Polonia gra w tym sezonie bardzo nierówno i traci bardzo dużo bramek, przegrała sześć z ośmiu dotychczasowych meczów. W Pajęcznie piotrkowscy piłkarze, przegrywali po pierwszej połowie już 0:3, po przerwie zdołali co prawda strzelić trzy bramki, ale nie wystarczyło to nawet do remisu. Podczas sobotniego spotkania z poddębickim Nerem, poloniści stracili aż cztery bramki w 45 minut, choć do przerwy to oni prowadzili. W pierwszej połowie gola dla Polonii zdobył Adrian Malicki. Druga część tego spotkania to prawdziwa katastrofa. W 56. minucie do wyrównania doprowadził Patryk Olszewski, dwie minut później kolejną bramkę zdobył Przemysław Różycki, w 81. minucie spotkania do własnej bramki trafił Robert Ornafa, a w 89. minucie wynik spotkania ustalił Przemysław Różycki.
- Popełniamy zbyt dużo indywidualnych błędów. Muszę to przemyśleć, bo nie możemy tak grać. Uważam się za człowieka honoru i biorę pełną odpowiedzialność za grę mojego zespołu, może ktoś inny powinien poprowadzić ten zespół? - zastanawiał się po meczu trener Polonii Aleksandar Majić.
W tej chwili Polonia ma tyle samo punktów, co przedostatnia w tabeli Jutrzenka Warta i zaledwie jeden punkt więcej niż ostatni RKS Mechanik Radomsko. W następnej kolejce piotrkowski zespół zmierzy się na wyjeździe z Włókniarzem Zelów.
PKS Polonia Piotrków Trybunalski 1:4 (1:0) Termy Ner Poddębice
(13' Adrian Malicki, 81' Robert Ornafa - samobójcza - 56' Patryk Olszewski, 58' i 89' Przemysław Różycki)

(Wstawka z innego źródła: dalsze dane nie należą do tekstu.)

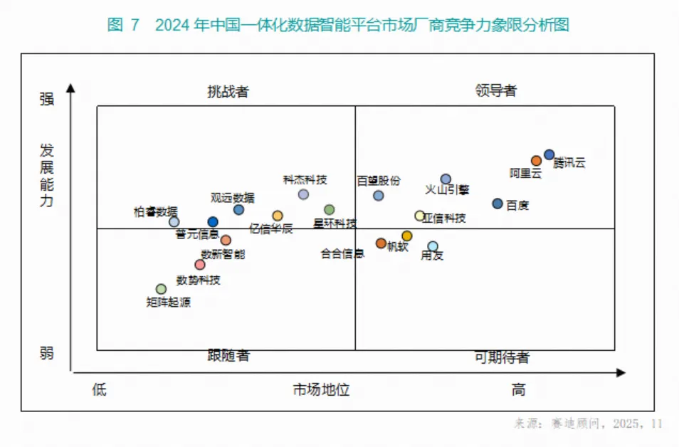 根据赛迪报告,2024年中国数据智能市场规模已达258.6亿元,同比增长高达43.2%,展现出强劲的增长势头。市场结构上,数据智能基础设施、平台与解决方案三大板块协同发展,其中一体化数据智能平台成为增长最快的细分领域。
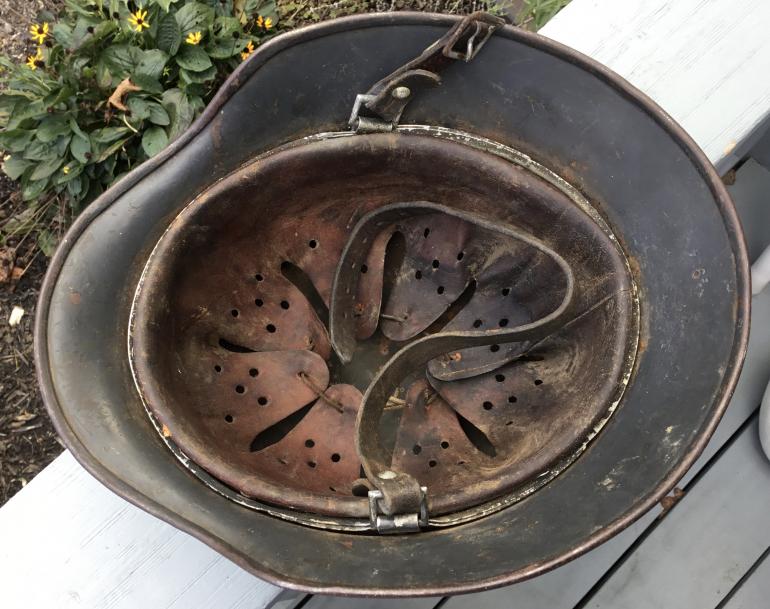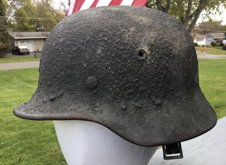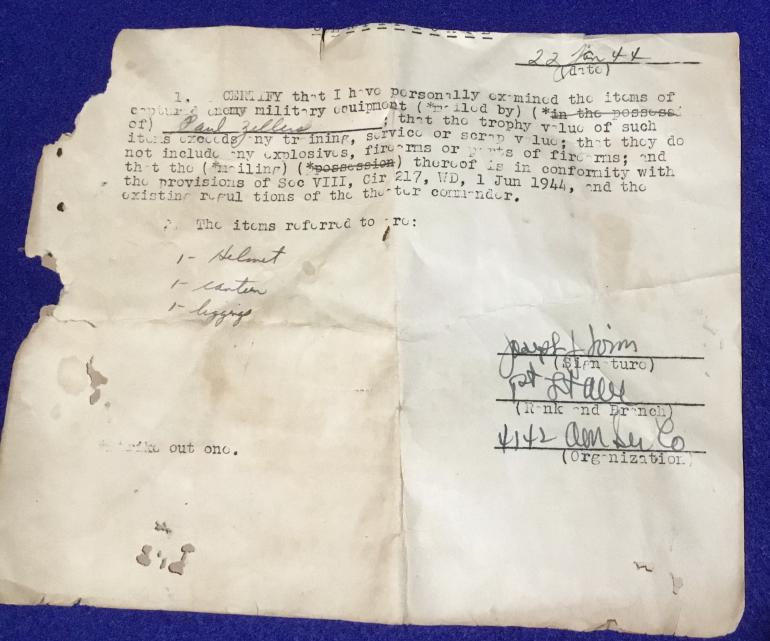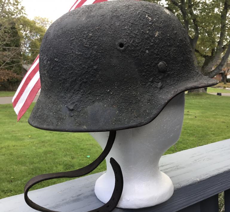 I did not buy this directly from a veteran but at a house auction in September 27, 1998 and have this auction add from the newspaper listing a Nazi helmet. With the helmet came a wooden box that it was sent home in along with a pair of gators and a canteen. The box did not have the cover so the box went years ago as did the gators and canteen. Also included is the certificate to Paul Zellers allowing the items to be sent home. A great helmet and the backup material for the helmet. I know that I took photos of the helmet and box but most likely I will never find it among the thousands of photos of items I purchased over the years.
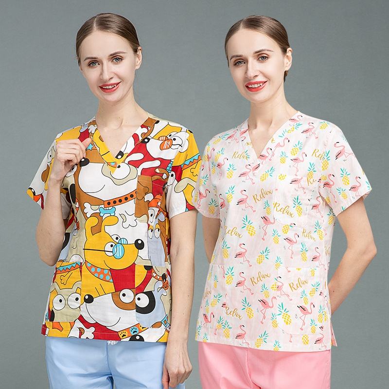 Col en V 3 poches haut motifs imprimés hommes et femmes gommages infirmière à la mode cosmique gentillesse gommages motif personnalisé couverture en coton

PKS Polonia Piotrków Trybunalski: Błażejewski, Grobelny, Grzegorzewski, Patryk Grzesiuk (80' Dawid Lenarcik), Jakubiak, Jarzembowski, Kowalczyk (60' Gołombiewski), Malicki, Ornafa, Skupień (70' Zaor), Sulikowski.
Termy Ner Poddębice: Bartosz Bartosiński, Jakub Bartosiński (46' Owczarek),
Bogdan, Dynel, Gniadzik (46' Filipiak), Kania (75' Kralkowski), Krymarys, Olszewski (85' Pieńkowski), Retkowski, Różycki, Zimoń.